ICH: Zum Teil, ob´s funktioniert, daß wir einen Dialog führen über die Schwierigkeit, einen Dialog zu führen, der sonst kein Thema hat.
WILLI: Oiso, guat, des is a metasprochliche G´schicht, do loß i mit mir redn. Und des andere?
ICH ( ein bißchen WILLIartig ): No, des kaun i jetzt nu net sogn, oba i glaub, es funktioniert.
WILLI ( ein bißchen ICHartig, - kleiner Erkenntnisschub ): Aha, des ist ein interessantes Experiment.
ICH ( WILLIartig ): Merkst wos?
WILLI ( ICHartig ): Ja, das ist überraschend!
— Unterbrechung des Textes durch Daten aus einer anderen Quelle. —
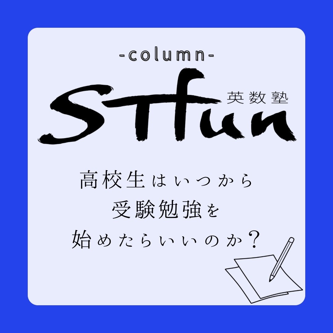 2020年07月23日 塾長コラム 高校生はいつから受験勉強を始めたらいいのか? STfunの藤間(とうま)です。 7月は高校二年生の受験勉強キックオフでした! 大学受験を考えている生徒は、全員ではありませんが、二年生の夏か... /続きを読む

ICH ( W.a. ): Is lustig, gö?
WILLI ( I.a. ): Ich habe so etwas in Indien einmal beobachtet, daß zwei Menschen in einander übergegangen sind; einer ist der andere geworden, und umgekehrt. Das hat mich sehr beeindruckt!
ICH ( W.a. ):Jo, i waß:
WILLI ( I.a. ): Du warst ja gar nicht dabei!
ICH ( W.a. ): Na, oba i hob´s g´schriebm.
WILLI ( I.a. ): Aha, und was passiert jetzt? - Bleiben wir so?
ICH ( W.a. ): Mir is gaunz aungenehm! (ev. Armeschaukeln )
WILLI ( I.a. ): Und was passiert mit der Vorstellung?
ICH ( W.a, ): Wieso? Wos soi sei? Sitzn jo nu olle do?
WILLI ( I.a. ): Naja, aber irgendwer von uns beiden muß jetzt ja weiterspielen.
ICH ( W.a. ): ( ein heiteres,- nicht oasch ) Mhm! ( im Sinne von "Ja, schon, wo ist das Problem?" )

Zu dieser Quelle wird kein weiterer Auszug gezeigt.